There is a more widespread area to the south-west of OMC-1 for which the peak polarization is of the order of +12 per cent. Also, at approximately 10 arcsec east and 30 arcsec north of BN is a relatively small region polarized at approximately −5 per cent. A small ‘finger’ of emission at 10 arcsec west and 13 arcsec south of BN is also quite distinct in the image. This feature does not appear in 10-μm maps ( Aitken et al. 1997; Gezari, Backman & Werner 1998) and is not associated with any H2 emission from the OMC-1 outflow (Chrysostomou et al. 1997b; Stolovy et al. 1998), but it is a region of relatively strong polarization (Minchin et al. 1991, and this work).
In Fig. 3, the corresponding H-band image is presented with overlying intensity contours. The circular polarization is plotted between −2 and +5 per cent. The same basic features that are present in the Kn band are also present in the H band, including the regions of high circular polarization, although they are not as highly polarized.
Fig. 4 shows a J-band image of only a small portion of the region, centred 8 arcsec south of BN, running east—west across SEBN. No circular polarization is detected here at this waveband. This conforms with the conclusions ofMinchin et al. (1991) who showed, from their imaging linear polarimetry of OMC-1, that the radiation in the J band originates from the foreground H ii region only, the extinction being too great to view the OMC-1 region at this wavelength. Importantly, this lends weight to our assertion that the circular polarization detected in the H and Kn bands do not originate from the foreground H ii region, but is intrinsic to the OMC-1 region, although some foreground contamination owing to unpolarized light from the H ii region cannot be ruled out.
We have constructed several software apertures across different parts of our data, and measured the H-Kn wavelength dependence as well as the mean and maximum H and Kn circular polarizations within those apertures. The positions of the apertures are shown in Fig. 5 and the results given in Table 1.

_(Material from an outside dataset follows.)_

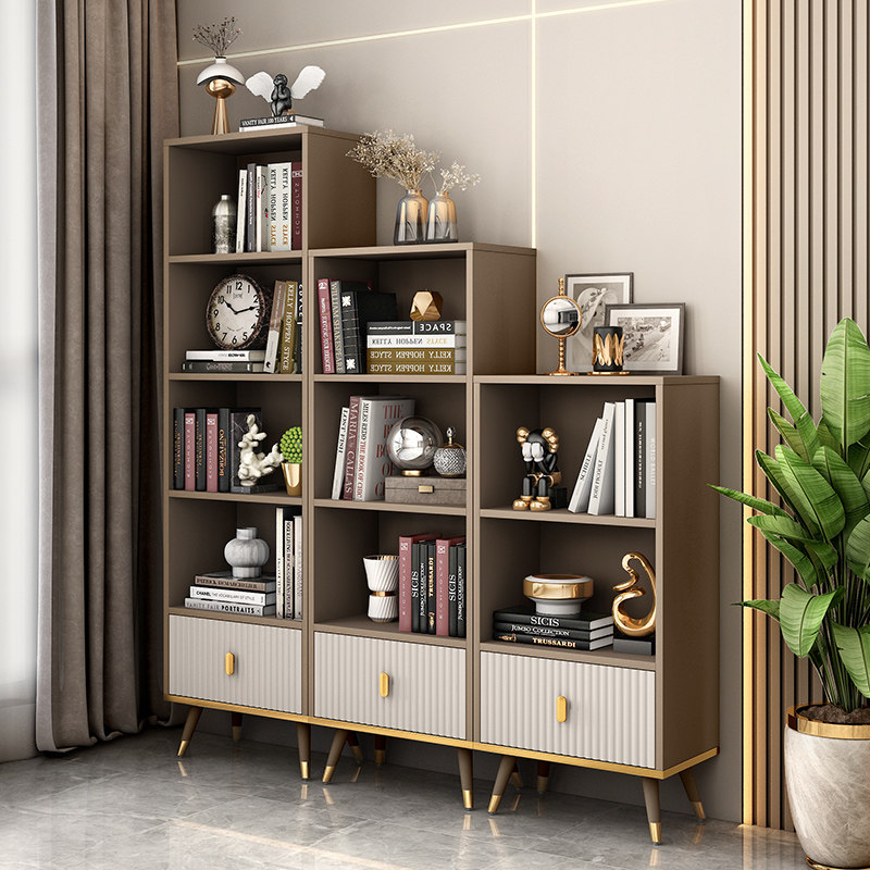Three-story bookcase (champagne curry) self-fitted with four-layer bookcase (champagne curry) itself fitted with five-story bookcase (champagne curry) itself fitted with three-storey bookcase (Athens white) itself fitted with four-story bookcase (Athens white)

There is a clear wavelength dependence in the degrees of circular polarization, the H-band polarization being in general 2–3 times lower than that in the Kn band. The near-uniformity of this wavelength dependence suggests that the grain material must also be uniform in composition across the nebula. Sector D, corresponding to the ‘finger’ of polarization referred to above, seems to present an anomaly to this trend with a much steeper wavelength dependence. Its linear polarimetry indicates that it is definitely associated with the OMC-1 cloud, being illuminated by IRc2. However, the steep wavelength dependence of circular polarization suggests that it is an isolated region the grain properties of which may differ from the rest of the cloud. Examination of the polarization data ofMinchin et al. (1991) shows that linear polarization is also lower at this position in the H band. Thus it is more likely that this steeper wavelength dependence is due to extinction effects.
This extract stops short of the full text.